You can see the beatings using a Michelson interferometer. If you record an interferogram of the combined beams you can directly see the beats in the signal. Depending on how good (and expensive) your translation stages are, you can resolve pretty fast beatings. If you use good piezos, temporal resolution in the upper attosecond range is possible.
 
  • #8


cortiver said:
This is an interesting question. It turns out that the answer is no. This is pretty straightforward to see mathematically, but for the benefit of intuition it's instructive to consider the case when the light beams have two frequencies f1 and f2 which are very close, but not quite equal. Then when adding these two light beams you have a beat frequency fb = f1 - f2. If the two light beams are in phase at time t = 0 (so you have constructive interference), then at time t = pi/fb the light beams will be 180 degrees out of phase (so you have destructive interference). However, unless f1 and f2 are really close (say within 10Hz of each other), then the beat frequency will be too fast the human eye to resolve. In that case the light intensity that we will see is the average of constructive interference and destructive interference, which amounts to no interference at all.

I think you're mixing up sound and light. The ear can resolve beat frequencies at 10Hz seperation. Visible light is many orders of magnitude higher in frequency (THz). In addition, considering that a linewidth of 10 Hz is an extremely good laser, such a restriction would mean that in practice we would never see interference fringes. (And certainly not before a decade or so ago).
 
  • #9


e.bar.goum said:
I think you're mixing up sound and light. The ear can resolve beat frequencies at 10Hz seperation. Visible light is many orders of magnitude higher in frequency (THz). In addition, considering that a linewidth of 10 Hz is an extremely good laser, such a restriction would mean that in practice we would never see interference fringes. (And certainly not before a decade or so ago).

There's no difference between sound and light, in principle. Yes, in practice it is much harder to observe beats with visible light due to the high frequencies, as I already noted.
 

1. What is an interference fringe?

An interference fringe is a pattern of light and dark bands that appears when two or more light waves interact with each other. It is caused by the superposition of the waves, where the peaks and troughs of the waves either reinforce or cancel each other out.

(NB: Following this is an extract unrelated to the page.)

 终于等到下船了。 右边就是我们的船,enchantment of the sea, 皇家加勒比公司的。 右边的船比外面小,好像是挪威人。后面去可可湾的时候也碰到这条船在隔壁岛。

2. How are interference fringes created?

Interference fringes are created when two or more light waves of different frequencies overlap and interfere with each other. This can occur naturally, such as with sunlight passing through a thin film of oil, or it can be artificially created in a laboratory setting using specialized equipment.

3. What is the significance of different frequencies in interference fringes?

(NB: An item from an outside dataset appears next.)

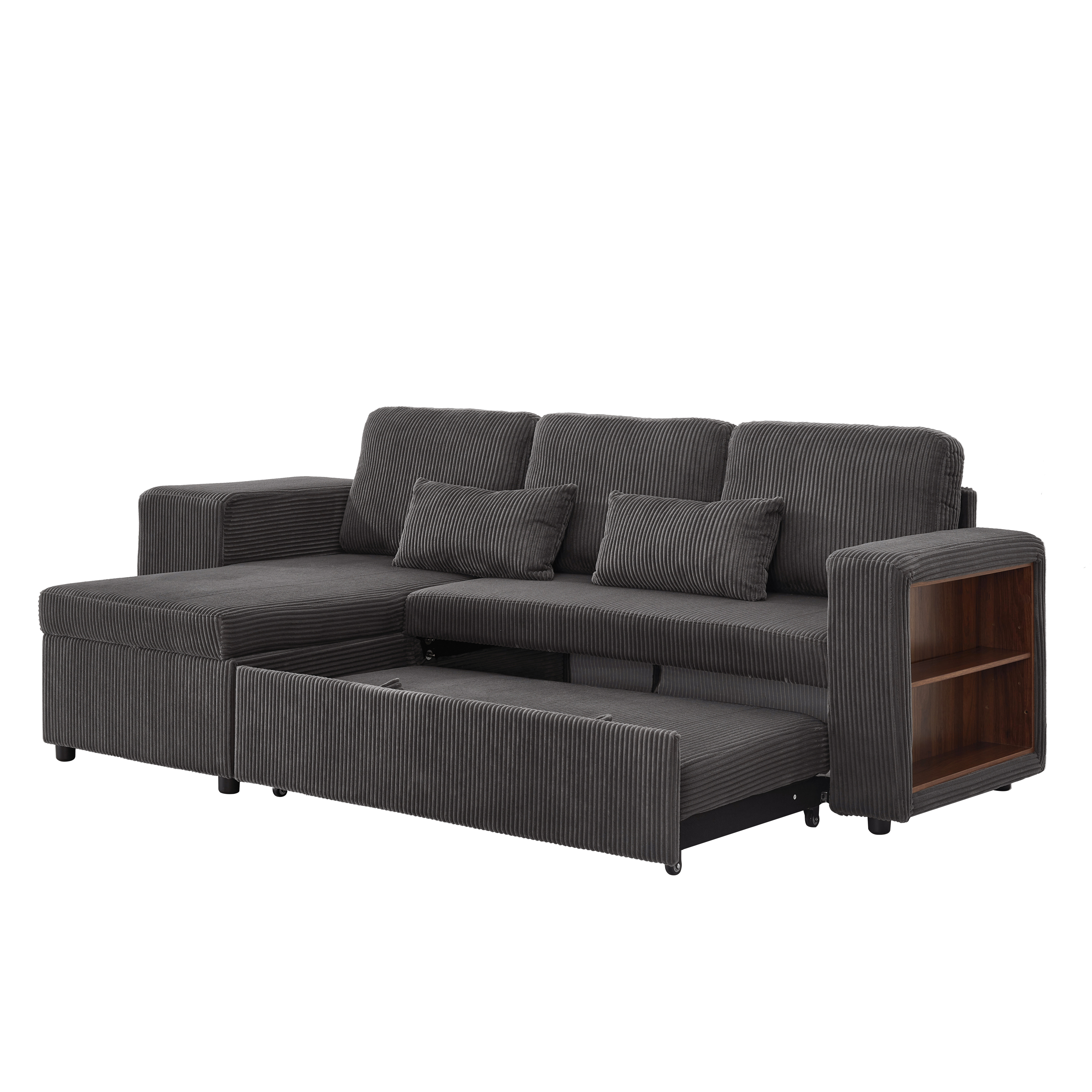 Product Name:Modern L-Shaped Convertible Sofa Bed, 3-in-1 Convertible Sofa Bed with Internal Storage Chaise, Nesting Footstools, Integrated Charging Station & Adjustable Armrest Side Storage, Corduroy Fabric, Grey

The frequencies of the light waves determine the spacing and visibility of the interference fringes. Light waves with similar frequencies will produce closely spaced and distinct fringes, while waves with very different frequencies will produce wider and less defined fringes.

4. What is the principle behind using interference fringes in scientific experiments?

Interference fringes are used in many scientific experiments as a way to measure and analyze the properties of light, such as its wavelength, frequency, and polarization. By studying the patterns and behavior of interference fringes, scientists can gain a deeper understanding of light and its interactions with matter.

5. How are interference fringes used in practical applications?

Interference fringes have many practical applications, including in microscopy, spectroscopy, and interferometry. They are also used in the construction of devices such as lasers, optical filters, and interferometers. In addition, the study of interference fringes has led to advancements in fields such as astronomy, telecommunications, and medical imaging.